The Ritz London (150 Piccadilly), conceived and founded by hotelier Cesar Ritz, opened its doors on May 24, 1906. The first steel-framed building of any significance in London—with French chateau-style architecture and Louis XVI interiors—the hotel was, according to Ritz, “a small house to which I am proud to see my name attached.” After recently being restored to its original glory, the landmark hotel continues to be one of London’s most fashionable addresses for afternoon tea and the place to enjoy “Putting on The Ritz.” A long-standing recipe for a tea sandwich in the Palm Court is a smoked salmon sandwich served with a whisky-spiked mousse, but these simple, equally delicious salmon mousse pinwheels substitute horseradish and chives for the whisky. You can add a few capers for zing, if you like, and then roll the sandwiches into pinwheels.–Margaret M. Johnson
Salmon Mousse Pinwheels Recipe
Ingredients
- For the salmon mousse
- 4 ounces cream cheese, at room temperature
- 2 tablespoons unsalted butter, at room temperature
- 1 tablespoon minced fresh chives
- 1 tablespoon prepared horseradish
- 4 ounces smoked salmon
- 1 1/2 tablespoons fresh lemon juice
- 1/2 teaspoon ground white pepper
- 1 tablespoon drained capers (optional)
- For the pinwheel sandwich
- 12 slices dark wheat or pumpernickel bread, crusts removed
- 2 ounces smoked salmon, cut into thin strips
Directions
- Make the salmon mousse
- 1. Put the cream cheese, butter, chives, horseradish, salmon, lemon juice, and pepper in a food processor and process for 20 to 30 seconds, or until smooth. Stir in the capers, if using. (Cover and refrigerate for up to 2 days; bring to room temperature for spreading.)

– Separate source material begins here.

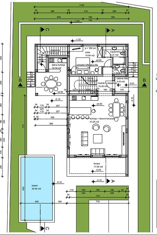 Priprema za bazen je izvedena, uključujući kotlovnicu za bazen. Na okućnici se nalaze prednji i stražnji vrt, kao i parkiralište za tri vozila.

- Make the pinwheel sandwiches
- 2. Roll the bread slices flat with a rolling pin.
- 3. Spread the salmon mousse on one side of each slice and arrange pieces of smoked salmon on top. Roll up the bread and place it seam side down on a serving plate. Cover with a damp tea towel or paper towels until ready to serve.
- 4. Serve the salmon pinwheels whole or cut each one in half crosswise and on a diagonal and serve angled side up.
Salmon Mousse Pinwheels Recipe © 2009 Margaret M. Johnson. Photo © 2009 Leigh Beisch. All rights reserved.

[Susan Hunt] I chose a more rustic pumpernickel bread for these salmon pinwheels. I’ll choose a more “mainstream” pumpernickel bread that is less likely to crack (hence the yield of less than the author suggested). The longevity of this recipe is testament to its appeal. It has great flavor balance, was easy to prepare, and elegant to serve. I’m now curious about the original, which was prepared with whiskey.
[Duane DeMello] These salmon pinwheels turned out to be one of the finest appetizers I have served in many moons. The taste of the salmon came through loud and clear, likewise the horseradish, lemon, and small amounts of capers used. I went with the suggested Arnold brand of dark wheat bread and will try pumpernickel next time to see if it turns out just as well.
[Anonymous] These pinwheels were an easy choice, as my husband loves salmon. I already had all the ingredients, so I just whipped it together. Tastes great, easy to make, and looks good. These are a definite winner. But, I would like to try that whiskey version from The Ritz.
[Bunny Zotter] These salmon pinwheels were so simple to make and yet so impressive looking, and the taste was wonderful. I couldn’t stop eating them. Can’t wait for my next party to make these and wow my guests.
[John Velek] I waited until the Home Opener Tailgate to make these salmon pinwheels. I pre-made the spread, brought it to temperature at the gate, and assembled everything on the spot. I (fortunately) brought enough ingredients to make six batches. They flew off the table. People were “ticked” when I ran out. The pinwheels were really easy to make, and they were very good. I used two types of salmon to see the difference. I used thin-cut lox, which I recommend, and I also used some thicker smoked salmon, but that was hard to get into the pinwheels.
We used to do something similar with vegemite when I was little, but these look a little more sophisticated as well as really tasty!